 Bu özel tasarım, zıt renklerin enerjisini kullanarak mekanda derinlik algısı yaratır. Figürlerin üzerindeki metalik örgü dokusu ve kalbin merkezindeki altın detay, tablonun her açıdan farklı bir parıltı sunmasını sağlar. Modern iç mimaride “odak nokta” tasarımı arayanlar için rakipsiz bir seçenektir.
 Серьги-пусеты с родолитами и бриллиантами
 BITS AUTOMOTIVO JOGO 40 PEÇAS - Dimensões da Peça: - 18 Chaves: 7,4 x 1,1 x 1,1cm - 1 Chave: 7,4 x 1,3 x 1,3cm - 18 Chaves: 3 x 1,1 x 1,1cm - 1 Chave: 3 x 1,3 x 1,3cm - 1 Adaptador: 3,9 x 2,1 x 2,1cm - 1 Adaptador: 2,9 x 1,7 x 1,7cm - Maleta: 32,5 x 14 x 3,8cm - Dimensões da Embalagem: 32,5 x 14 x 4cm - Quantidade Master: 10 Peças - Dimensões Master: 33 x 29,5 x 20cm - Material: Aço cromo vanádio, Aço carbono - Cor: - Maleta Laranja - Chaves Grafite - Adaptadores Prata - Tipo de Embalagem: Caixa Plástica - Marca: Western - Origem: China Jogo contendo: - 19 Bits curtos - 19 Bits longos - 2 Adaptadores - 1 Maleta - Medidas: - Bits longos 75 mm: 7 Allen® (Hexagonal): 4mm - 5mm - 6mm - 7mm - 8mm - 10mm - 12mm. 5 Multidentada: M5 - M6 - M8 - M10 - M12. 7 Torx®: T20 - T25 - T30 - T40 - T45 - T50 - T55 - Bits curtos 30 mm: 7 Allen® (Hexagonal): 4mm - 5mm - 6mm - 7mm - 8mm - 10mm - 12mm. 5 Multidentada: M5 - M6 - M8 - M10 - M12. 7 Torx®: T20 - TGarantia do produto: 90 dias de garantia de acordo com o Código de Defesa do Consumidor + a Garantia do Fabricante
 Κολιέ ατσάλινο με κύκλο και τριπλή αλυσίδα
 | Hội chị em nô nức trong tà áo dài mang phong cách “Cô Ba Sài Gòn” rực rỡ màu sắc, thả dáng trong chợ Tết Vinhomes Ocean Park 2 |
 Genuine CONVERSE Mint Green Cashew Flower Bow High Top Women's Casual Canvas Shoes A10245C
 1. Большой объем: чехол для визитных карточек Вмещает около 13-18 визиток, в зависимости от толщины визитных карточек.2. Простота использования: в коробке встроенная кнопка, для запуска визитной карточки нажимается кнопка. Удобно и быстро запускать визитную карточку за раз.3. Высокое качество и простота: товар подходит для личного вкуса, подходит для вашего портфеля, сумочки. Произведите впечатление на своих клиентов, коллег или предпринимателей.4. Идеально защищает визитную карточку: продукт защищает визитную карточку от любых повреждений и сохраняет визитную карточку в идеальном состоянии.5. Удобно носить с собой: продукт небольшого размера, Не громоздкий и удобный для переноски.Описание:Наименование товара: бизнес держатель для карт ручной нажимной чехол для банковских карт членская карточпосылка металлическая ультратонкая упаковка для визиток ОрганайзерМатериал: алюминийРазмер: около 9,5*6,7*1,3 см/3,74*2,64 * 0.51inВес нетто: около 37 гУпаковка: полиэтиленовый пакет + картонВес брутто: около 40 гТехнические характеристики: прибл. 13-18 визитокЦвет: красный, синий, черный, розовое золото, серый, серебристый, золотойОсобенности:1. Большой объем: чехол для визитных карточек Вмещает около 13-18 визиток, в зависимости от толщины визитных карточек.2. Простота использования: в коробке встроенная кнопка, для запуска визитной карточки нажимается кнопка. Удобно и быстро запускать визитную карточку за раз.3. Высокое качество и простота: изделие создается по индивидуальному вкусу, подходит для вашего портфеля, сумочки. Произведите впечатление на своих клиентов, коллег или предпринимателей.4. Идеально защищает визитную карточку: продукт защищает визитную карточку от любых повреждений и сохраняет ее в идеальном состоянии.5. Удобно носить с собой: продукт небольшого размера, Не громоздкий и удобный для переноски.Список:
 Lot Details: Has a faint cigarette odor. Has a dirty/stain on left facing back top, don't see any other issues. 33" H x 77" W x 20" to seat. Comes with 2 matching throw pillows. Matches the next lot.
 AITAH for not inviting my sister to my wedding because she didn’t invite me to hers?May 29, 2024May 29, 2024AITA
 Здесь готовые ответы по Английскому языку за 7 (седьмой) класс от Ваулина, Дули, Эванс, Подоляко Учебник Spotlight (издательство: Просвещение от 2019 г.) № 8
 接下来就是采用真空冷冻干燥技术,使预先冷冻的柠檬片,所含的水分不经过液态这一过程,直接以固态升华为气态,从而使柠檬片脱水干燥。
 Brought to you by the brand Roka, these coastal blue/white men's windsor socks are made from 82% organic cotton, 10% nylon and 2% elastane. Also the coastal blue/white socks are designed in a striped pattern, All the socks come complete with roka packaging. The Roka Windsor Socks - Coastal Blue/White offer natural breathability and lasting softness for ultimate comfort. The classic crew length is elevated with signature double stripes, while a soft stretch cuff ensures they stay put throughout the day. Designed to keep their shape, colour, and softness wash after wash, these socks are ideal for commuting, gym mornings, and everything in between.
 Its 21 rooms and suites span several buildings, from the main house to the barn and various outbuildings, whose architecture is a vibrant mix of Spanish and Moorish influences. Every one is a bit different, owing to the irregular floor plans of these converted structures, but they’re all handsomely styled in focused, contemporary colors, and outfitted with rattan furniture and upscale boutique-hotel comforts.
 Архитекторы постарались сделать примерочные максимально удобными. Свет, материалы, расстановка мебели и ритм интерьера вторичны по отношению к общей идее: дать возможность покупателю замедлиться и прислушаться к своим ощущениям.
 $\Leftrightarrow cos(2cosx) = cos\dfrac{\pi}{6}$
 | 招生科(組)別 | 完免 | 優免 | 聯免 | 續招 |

Problem to work on: Your task is to retype the entries verbatim, starting with the line that holds "Lot Details: Has" and stopping after the line that holds "接下来就是采用真空冷冻干燥技".

Exercise result:
 Lot Details: Has a faint cigarette odor. Has a dirty/stain on left facing back top, don't see any other issues. 33" H x 77" W x 20" to seat. Comes with 2 matching throw pillows. Matches the next lot.
 AITAH for not inviting my sister to my wedding because she didn’t invite me to hers?May 29, 2024May 29, 2024AITA
 Здесь готовые ответы по Английскому языку за 7 (седьмой) класс от Ваулина, Дули, Эванс, Подоляко Учебник Spotlight (издательство: Просвещение от 2019 г.) № 8
 接下来就是采用真空冷冻干燥技术,使预先冷冻的柠檬片,所含的水分不经过液态这一过程,直接以固态升华为气态,从而使柠檬片脱水干燥。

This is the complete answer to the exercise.